TASK DETAILS: Everything in the data gets repeated exactly, except for the pictures.

DATA EXTRACTS:
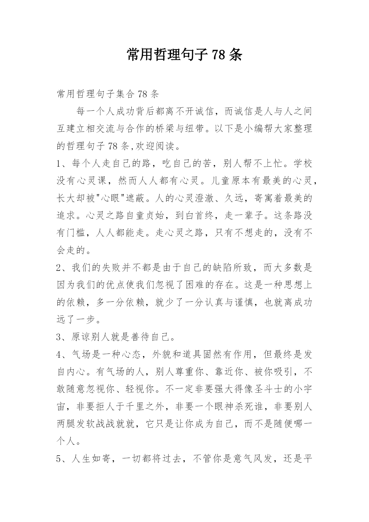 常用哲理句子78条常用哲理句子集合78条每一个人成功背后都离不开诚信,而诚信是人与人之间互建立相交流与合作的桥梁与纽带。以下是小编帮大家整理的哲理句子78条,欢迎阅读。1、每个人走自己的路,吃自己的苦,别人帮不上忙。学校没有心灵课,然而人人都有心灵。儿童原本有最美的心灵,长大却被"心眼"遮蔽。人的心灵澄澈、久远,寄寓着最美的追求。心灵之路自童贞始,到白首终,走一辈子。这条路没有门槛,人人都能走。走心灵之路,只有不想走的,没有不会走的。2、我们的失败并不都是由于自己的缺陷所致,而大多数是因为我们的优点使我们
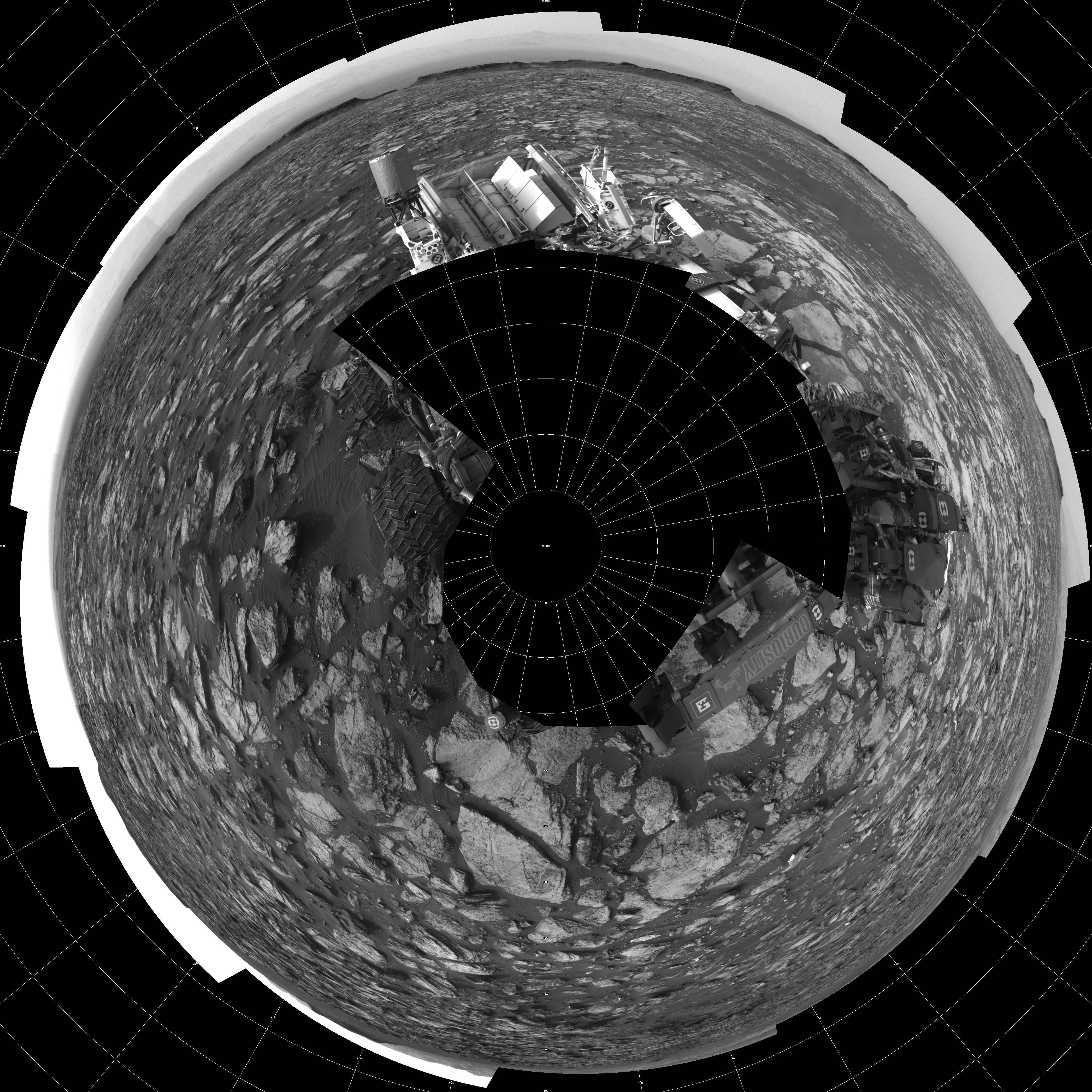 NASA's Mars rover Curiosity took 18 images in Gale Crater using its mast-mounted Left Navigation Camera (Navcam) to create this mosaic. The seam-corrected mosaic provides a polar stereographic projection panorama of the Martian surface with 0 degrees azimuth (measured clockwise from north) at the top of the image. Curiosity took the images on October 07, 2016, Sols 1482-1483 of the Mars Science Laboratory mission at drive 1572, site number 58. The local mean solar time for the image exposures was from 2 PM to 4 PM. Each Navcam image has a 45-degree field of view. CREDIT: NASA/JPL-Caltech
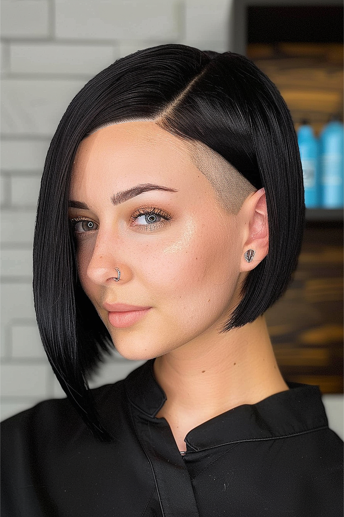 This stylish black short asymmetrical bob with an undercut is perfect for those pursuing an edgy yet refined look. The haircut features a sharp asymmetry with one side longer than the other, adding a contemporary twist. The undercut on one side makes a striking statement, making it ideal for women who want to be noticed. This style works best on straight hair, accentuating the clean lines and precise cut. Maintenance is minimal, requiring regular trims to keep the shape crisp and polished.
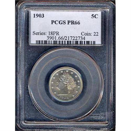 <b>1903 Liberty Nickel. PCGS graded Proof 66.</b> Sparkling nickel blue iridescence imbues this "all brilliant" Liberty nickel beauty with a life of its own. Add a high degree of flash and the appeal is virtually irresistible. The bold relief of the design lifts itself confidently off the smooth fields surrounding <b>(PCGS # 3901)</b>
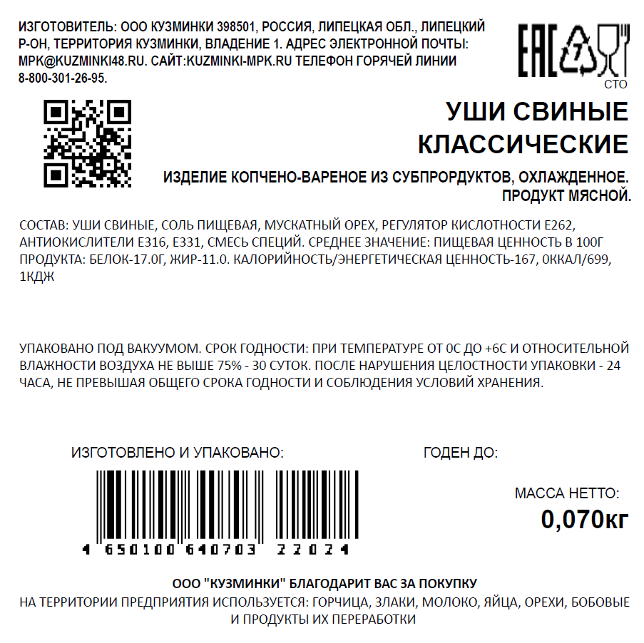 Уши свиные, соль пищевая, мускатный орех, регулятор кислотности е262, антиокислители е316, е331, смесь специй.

RESULT OF THIS TASK:
 常用哲理句子78条常用哲理句子集合78条每一个人成功背后都离不开诚信,而诚信是人与人之间互建立相交流与合作的桥梁与纽带。以下是小编帮大家整理的哲理句子78条,欢迎阅读。1、每个人走自己的路,吃自己的苦,别人帮不上忙。学校没有心灵课,然而人人都有心灵。儿童原本有最美的心灵,长大却被"心眼"遮蔽。人的心灵澄澈、久远,寄寓着最美的追求。心灵之路自童贞始,到白首终,走一辈子。这条路没有门槛,人人都能走。走心灵之路,只有不想走的,没有不会走的。2、我们的失败并不都是由于自己的缺陷所致,而大多数是因为我们的优点使我们
 NASA's Mars rover Curiosity took 18 images in Gale Crater using its mast-mounted Left Navigation Camera (Navcam) to create this mosaic. The seam-corrected mosaic provides a polar stereographic projection panorama of the Martian surface with 0 degrees azimuth (measured clockwise from north) at the top of the image. Curiosity took the images on October 07, 2016, Sols 1482-1483 of the Mars Science Laboratory mission at drive 1572, site number 58. The local mean solar time for the image exposures was from 2 PM to 4 PM. Each Navcam image has a 45-degree field of view. CREDIT: NASA/JPL-Caltech
 This stylish black short asymmetrical bob with an undercut is perfect for those pursuing an edgy yet refined look. The haircut features a sharp asymmetry with one side longer than the other, adding a contemporary twist. The undercut on one side makes a striking statement, making it ideal for women who want to be noticed. This style works best on straight hair, accentuating the clean lines and precise cut. Maintenance is minimal, requiring regular trims to keep the shape crisp and polished.
 <b>1903 Liberty Nickel. PCGS graded Proof 66.</b> Sparkling nickel blue iridescence imbues this "all brilliant" Liberty nickel beauty with a life of its own. Add a high degree of flash and the appeal is virtually irresistible. The bold relief of the design lifts itself confidently off the smooth fields surrounding <b>(PCGS # 3901)</b>
 Уши свиные, соль пищевая, мускатный орех, регулятор кислотности е262, антиокислители е316, е331, смесь специй.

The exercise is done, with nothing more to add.